I’ve always thought of January as a pause month–a time-out after the flurry of Christmas, a chance to reset.  With Fletcher off to Seattle on yesterday’s early flight, all that’s left behind from the family’s visit is their important documents box, the bins with each of the kids’ mementos, and a bag of boots which were too large to squeeze into the suitcases headed for Finland.  The house is now quiet and empty.  Someone in my yoga class yesterday asked if I was going home to start washing and ( incredulously, to most) ironing all the sheets.  I said, no, I’m just going to rest for a while, “sort it out”, as the Brits like to say.

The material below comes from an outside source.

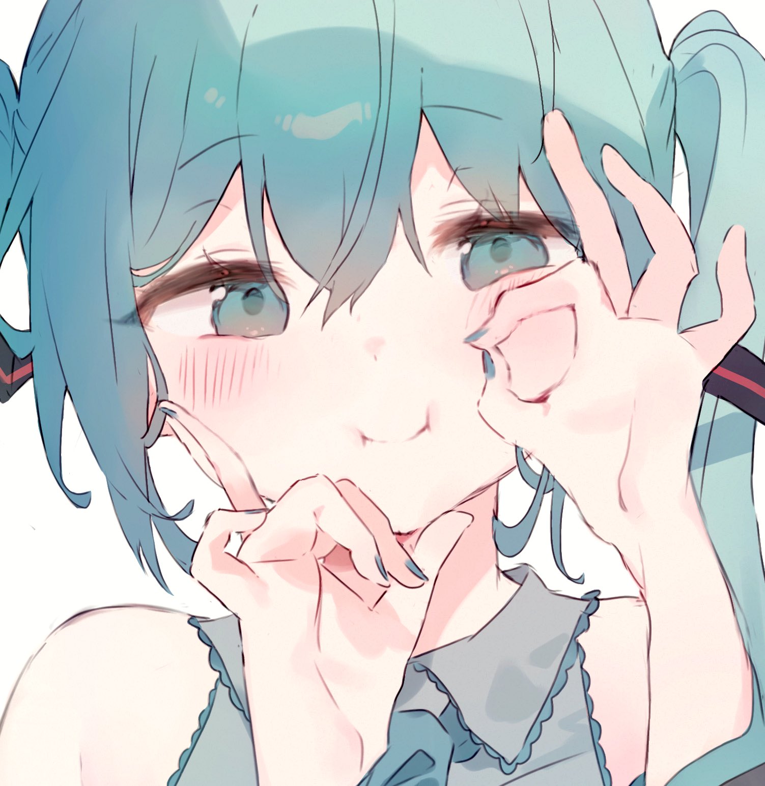 1girl :i aqua_hair aqua_nails blue_necktie blush bunchi cheek_press cheek_squash close-up closed_mouth detached_sleeves grey_shirt hair_between_eyes hair_ornament hands_on_own_chest hatsune_miku highres looking_at_viewer nail_polish necktie ok_sign portrait puffy_cheeks shirt simple_background sleeveless sleeveless_shirt solo twintails vocaloid white_background

I’ve just been drinking tea, looking at the water pouring off the roof, reading books, and catching up on some of the lovely blogs I follow from people in faraway places.  I’m on hold, for a change in the weather, a new pattern, that moves me forward into Winter’s Time.  To be clear, I have not minded one bit that our steep road is without ice, and, we just bought a new/used car, and are waiting for the Finnish studded snow tires on order.  It seems like we are in limbo, stuck in place, not sure of what will happen next.  That’s how it feels in the world writ large, and it’s one of those times when it’s frightening to open up the computer in the morning to the day’s breaking news.  I can’t control that, anymore than I can control the weather.  But, maybe if the weather would just change, if there was bitter cold and we were buried in snow, safe at home next to the cozy fire, things would be different.  Winter’s wolf at the door is something I know how to reckon with.  One can only hope…

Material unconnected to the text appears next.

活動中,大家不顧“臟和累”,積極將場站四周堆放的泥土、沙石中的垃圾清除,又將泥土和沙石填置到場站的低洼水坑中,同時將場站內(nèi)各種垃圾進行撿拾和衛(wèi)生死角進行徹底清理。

I escape into these charming blogs.  There’s a young woman who writes from her little cabin in the woods of Nova Scotia, and she begins her January entry:

” If I could choose my favourite types of days throughout the year the first, would be a good snow storm (followed by warm spring days and crisp fall days).  Some years I feel cheated by winter.  How dare you not give us more snow! But, to be content all I need is a day like today with the flakes falling consistently leaving us stranded in our homes, trees heavily weighed by the wet snow.   It was wonderful!  I packed a thermos of green tea, my knits for the shop, a camera and headed out to see a transformed world.  One where magic undoubtedly underlines every living and inanimate being.”

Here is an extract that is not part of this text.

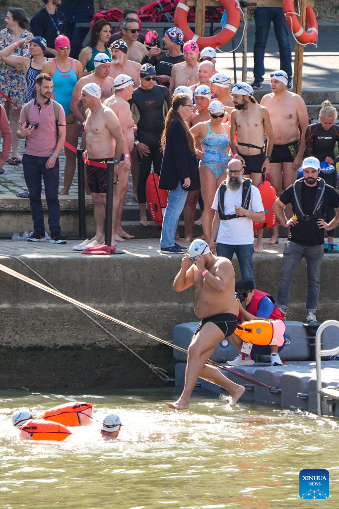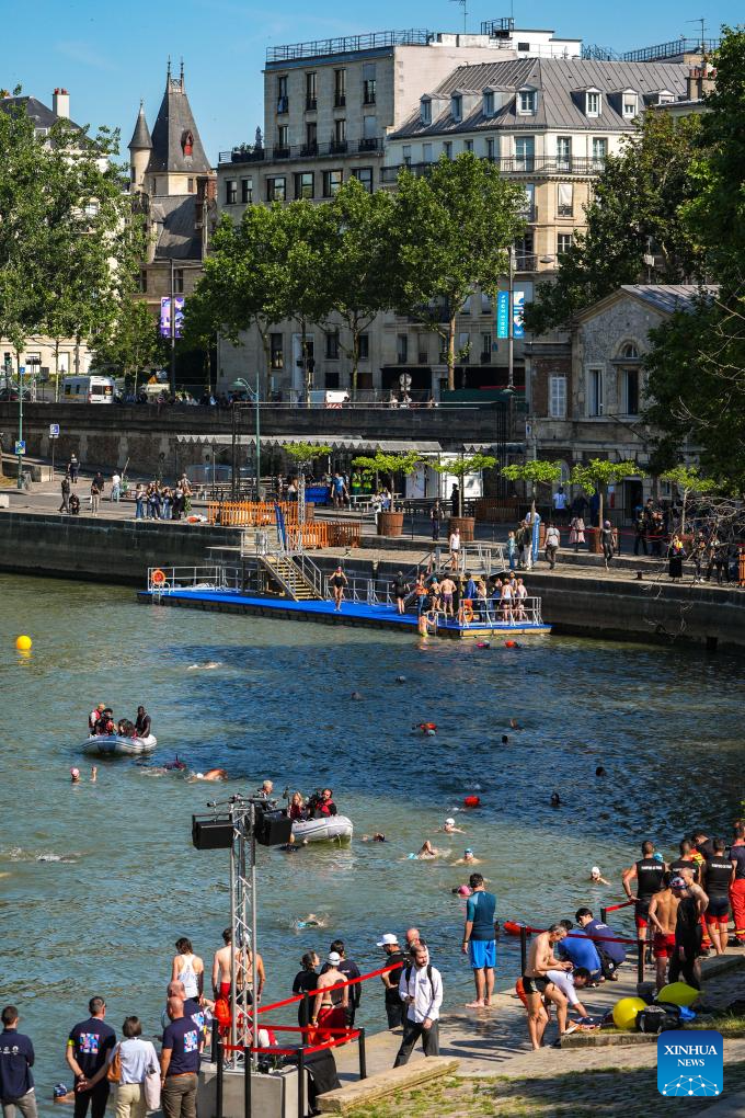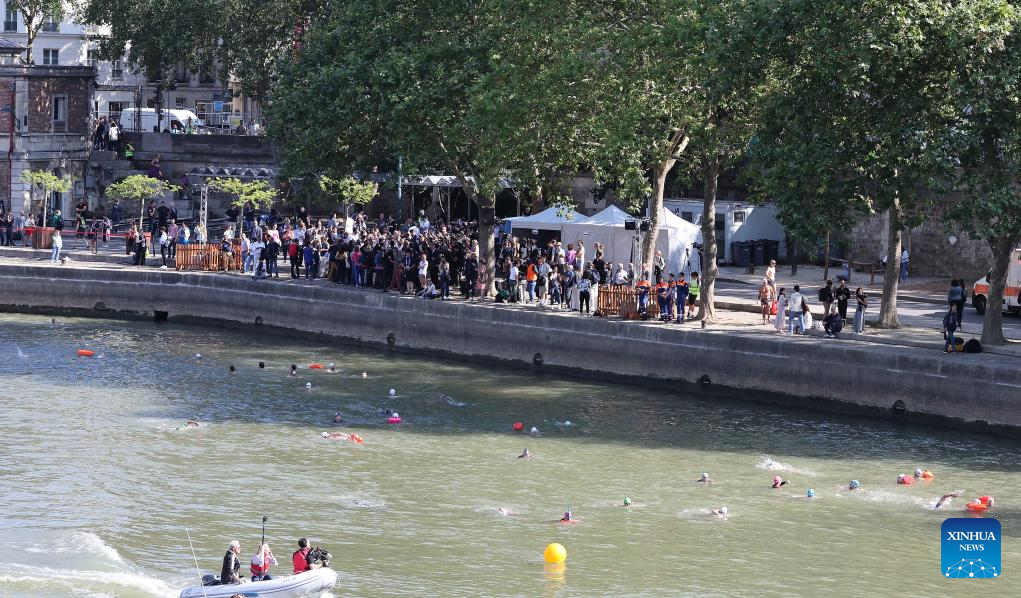 Local residents swim in the Seine River after the mayor of Paris swam in the river to demonstrate that it is clean enough to host the outdoor swimming events at the Paris Olympics later this month in Paris, France, on July 17, 2024. (Xinhua/Cao Can)

So very Anne (with an E) Green Gables.  And, isn’t it lovely to see the world this way.  Another faraway blog I follow comes from Great Britain.  The writer is a famous architect (I have both of his books) and he posts photographs of incredible beauty wherever he goes, from his little bothy by the sea in Scotland, an ancient chapel in Dorset with light streaming over the pews, to the interiors of England’s most spectacular architectural wonders.  On his January post, “The Turn of the Year”, he writes:

“The slow, gentle rotation of life carries on – and as I’ve thought for ever and ever now, some things get worse, most things don’t change that much at all, and just every now and again – some things really do get a great deal better. It’s easy to lose sight of that in the world in which we find ourselves.”